And so the ritual was finished. I turned and walked out the door. As I emerged into the morning sun I unconsciously began a ritual that I myself had fallen into. I pulled my gauntlets on tight and checked my daggers and bow, touching each weapon in turn to reassure myself of its presence. When I had finished, I stepped off the doorstep and began walking towards the gate. I would of course be there early but I figured I might as well get my Mercenary papers updated at the gate. It had been quite awhile since I had done that.

On my way to the gate I stopped for a brief moment at a street corner to listen to a man in clerical robes. He was standing atop a small crate and was retelling the history of the Great War.

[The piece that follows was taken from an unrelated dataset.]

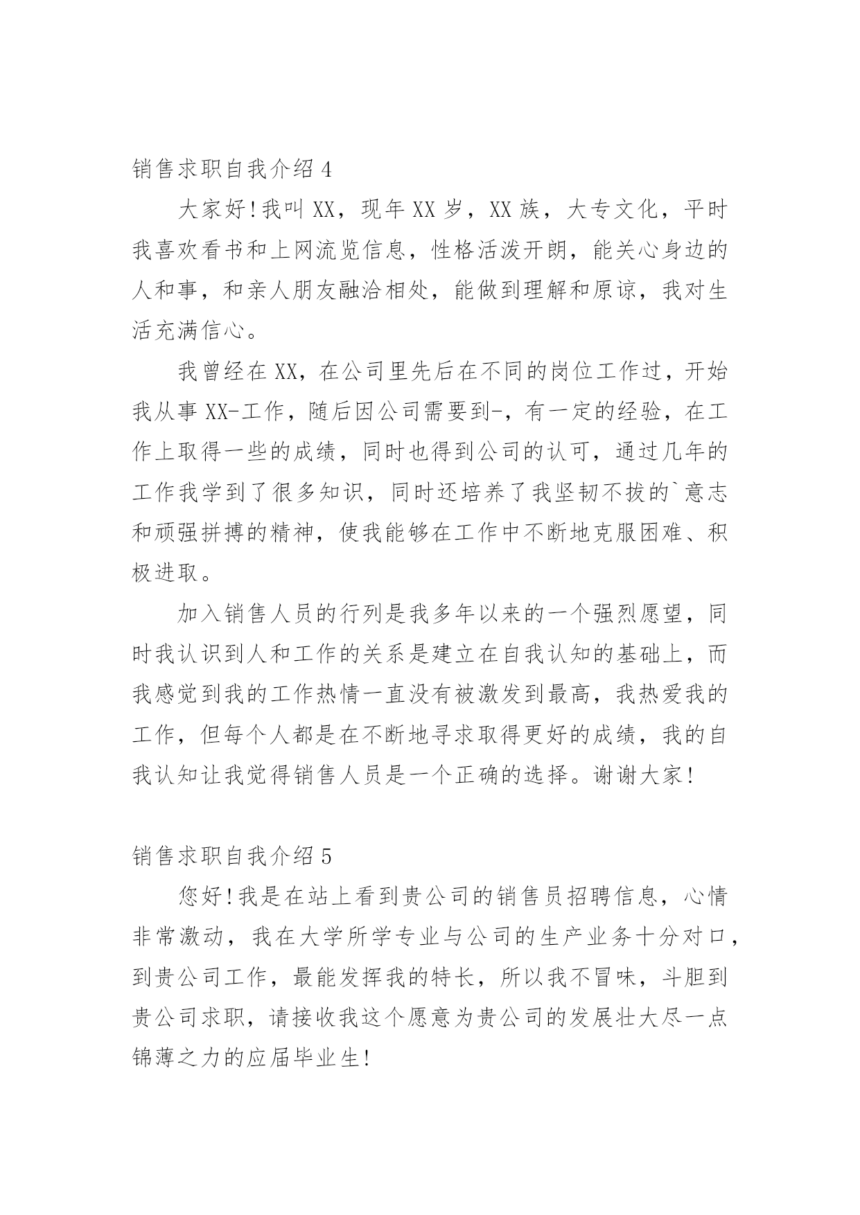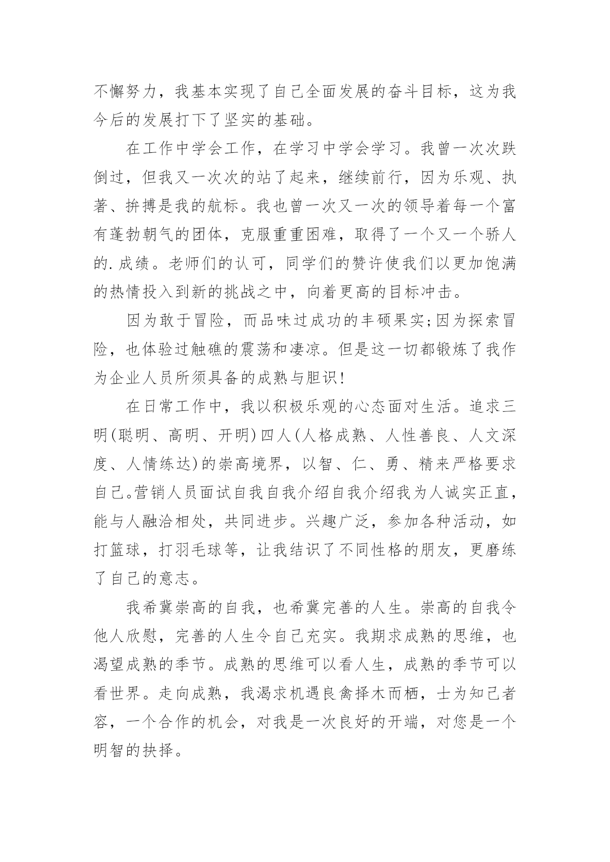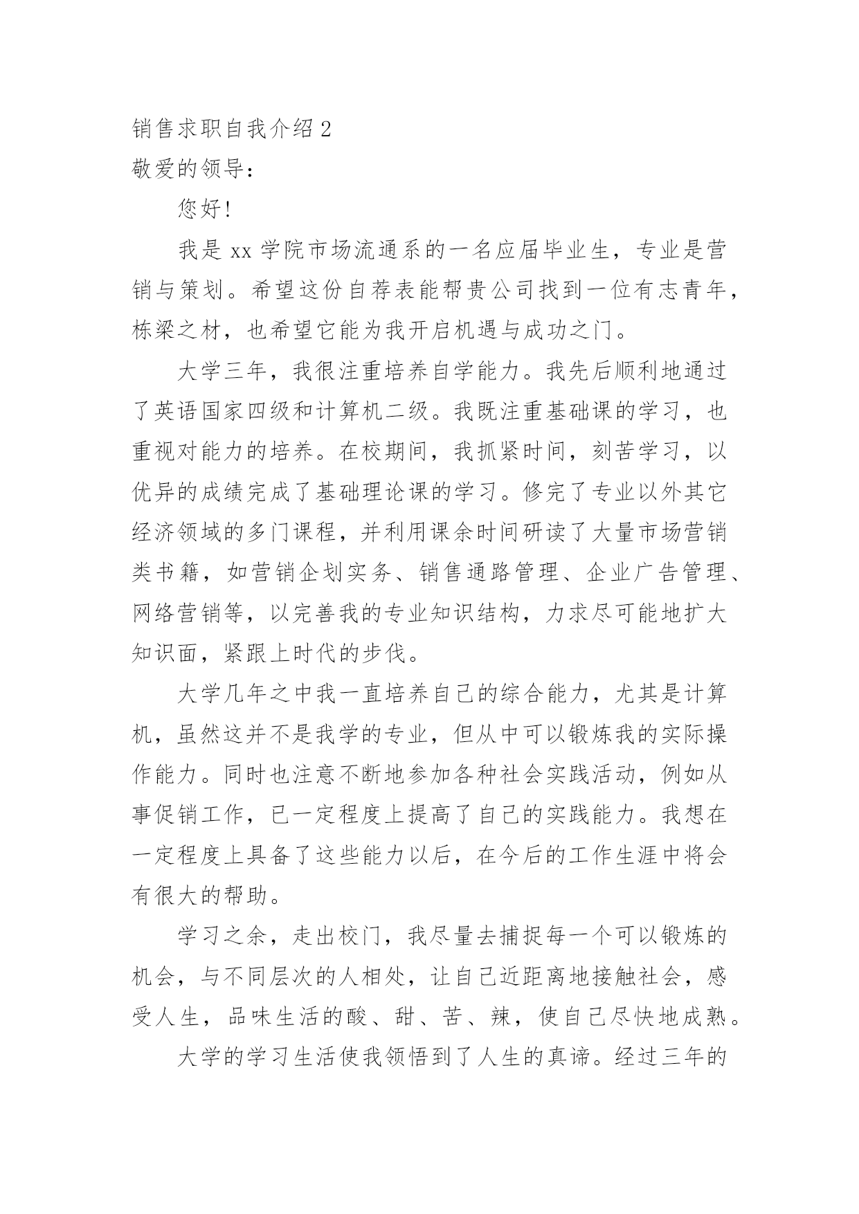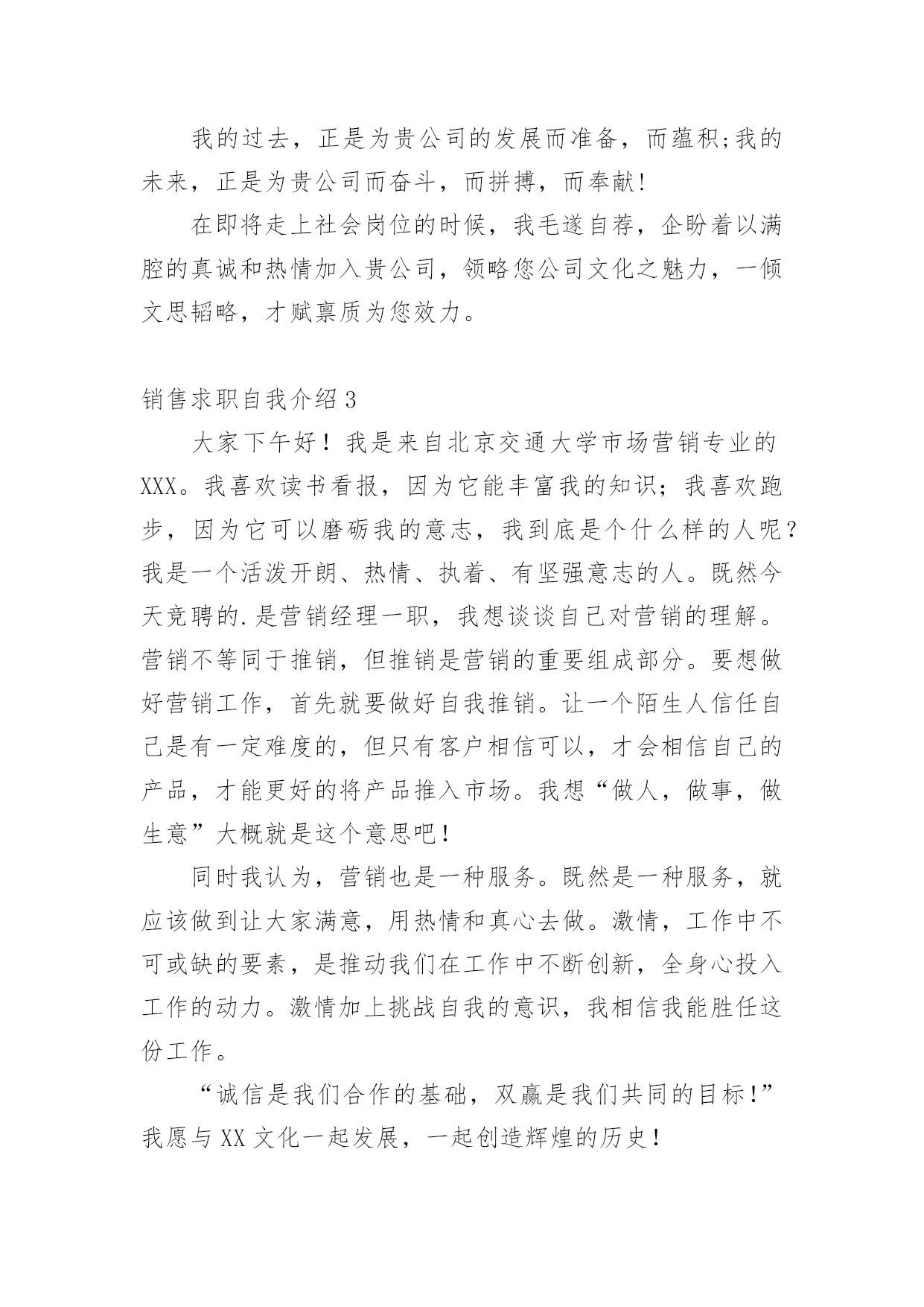 销售求职自我介绍当进入一个新环境,我们难以避免地要作出自我介绍,用自我介绍往往可以让他人有一定的了解。现在你是否对自我介绍一筹莫展呢?以下是小编帮大家整理的销售求职自我介绍,仅供参考,欢迎大家阅读。销售求职自我介绍1您好,作为汽车销售专业的一名应届毕业生。在学校期间,我始终以提高自身的综合素质为目标,以自我的全面发展为努力方向,树立正确的人生观、价值观和世界观。通过四年的学习和生活,并参加了多次社会实践,我有健全的人生观,个人简历wdjl。net,正确的政治方向,有一定的分析问题、解决问题的能力,有较强的.动手能力。本人了解中国汽车产业发展动态方向,特别是汽车后市场服务领域。知道汽车维修行业发展现状及趋势。善于学习新的知识方法工艺,分析和解决问题的能力强,能够熟练的利用互联网查询汽车维修资料,收集本行业最新信息。脚踏实地是一个立足社会的根本,也是我时刻铭记的一句话。拥有良好的职业素质和职业操守,能够忠于自己的企业,将个人的职业生涯规划与企业的发展紧密的结合。勇于创新,善于开创,能承受较高的工作压力;吃苦耐劳,注重合作,具有年轻人火一样的工作热情和活力。销售求职自我介绍2敬爱的领导:您好!我是xx学院市场流通系的一名应届毕业生,专业是营销与策划。希望这份自荐表能帮贵公司找到一位有志青年,栋梁之材,也希望它能为我开启机遇与成功之门。大学三年,我很注重培养自学能力。我先后顺利地通过了英语国家四级和计算机二级。我既注重基础课的学习,也重视对能力的培养。在校期间,我抓紧时间,刻苦学习,以优异的成绩完成了基础理论课的学习。修完了专业以外其它经济领域的多门课程,并利用课余时间研读了大量市场营销类书籍,如营销企划实务、销售通路管理、企业广告管理、网络营销等,以完善我的专业知识结构,力求尽可能地扩大知识面,紧跟上时代的步伐。大学几年之中我一直培养自己的综合能力,尤其是计算机,虽然这并不是我学的专业,但从中可以锻炼我的实际操作能力。同时也注意不断地参加各种社会实践活动,例如从事促销工作,已一定程度上提高了自己的实践能力。我想在一定程度上具备了这些能力以后,在今后的工作生涯中将会有很大的帮助。学习之余,走出校门,我尽量去捕捉每一个可以锻炼的机会,与不同层次的人相处,让自己近距离地接触社会,感受人生,品味生活的酸、甜、苦、辣,使自己尽快地成熟。大学的学习生活使我领悟到了人生的真谛。经过三年的不懈努力,我基本实现了自己全面发展的奋斗目标,这为我今后的发展打下了坚实的基础。在工作中学会工作,在学习中学会学习。我曾一次次跌倒过,但我又一次次的站了起来,继续前行,因为乐观、执著、拚搏是我的航标。我也曾一次又一次的领导着每一个富有蓬勃朝气的团体,克服重重困难,取得了一个又一个骄人的.成绩。老师们的认可,同学们的赞许使我们以更加饱满的热情投入到新的挑战之中,向着更高的目标冲击。因为敢于冒险,而品味过成功的丰硕果实;因为探索冒险,也体验过触礁的震荡和凄凉。但是这一切都锻炼了我作为企业人员所须具备的成熟与胆识!在日常工作中,我以积极乐观的心态面对生活。追求三明(聪明、高明、开明)四人(人格成熟、人性善良、人文深度、人情练达)的崇高境界,以智、仁、勇、精来严格要求自己。营销人员面试自我自我介绍自我介绍我为人诚实正直,能与人融洽相处,共同进步。兴趣广泛,参加各种活动,如打篮球,打羽毛球等,让我结识了不同性格的朋友,更磨练了自己的意志。我希冀崇高的自我,也希冀完善的人生。崇高的自我令他人欣慰,完善的人生令自己充实。我期求成熟的思维,也渴望成熟的季节。成熟的思维可以看人生,成熟的季节可以看世界。走向成熟,我渴求机遇良禽择木而栖,士为知己者容,一个合作的机会,对我是一次良好的开端,对您是一个明智的抉择。我的过去,正是为贵公司的发展而准备,而蕴积;我的未来,正是为贵公司而奋斗,而拼搏,而奉献!在即将走上社会岗位的时候,我毛遂自荐,企盼着以满腔的真诚和热情加入贵公司,领略您公司文化之魅力,一倾文思韬略,才赋禀质为您效力。销售求职自我介绍3大家下午好!我是来自北京交通大学市场营销专业的XXX。我喜欢读书看报,因为它能丰富我的知识;我喜欢跑步,因为它可以磨砺我的意志,我到底是个什么样的人呢?我是一个活泼开朗、热情、执着、有坚强意志的人。既然今天竞聘的.是营销经理一职,我想谈谈自己对营销的理解。营销不等同于推销,但推销是营销的重要组成部分。要想做好营销工作,首先就要做好自我推销。让一个陌生人信任自己是有一定难度的,但只有客户相信可以,才会相信自己的产品,才能更好的将产品推入市场。我想“做人,做事,做生意”大概就是这个意思吧!同时我认为,营销也是一种服务。既然是一种服务,就应该做到让大家满意,用热情和真心去做。激情,工作中不可或缺的要素,是推动我们在工作中不断创新,全身心投入工作的动

He told about how the users of the arcane (he of course spat at the mere mention of arcane) began a war with the channelers of the Gods. He went on to how the arcane were forced to another land and then of how the great channelers erected the barrier that still protects us all. With a great smile on his face, he told of the brave men and women who then purged the land of the beasts that the arcane had created. The entire speech reached it’s crescendo when he declared, “And to this day our great barrier has kept the evil creations of the arcane out! Never since the purge has there been seen an orc or goblin! Arcane magic was the creation of our suffering! And since it’s exile we all have been free of misery!” A great cheer went up from the rapt listeners of the man and he bowed once and stepped down.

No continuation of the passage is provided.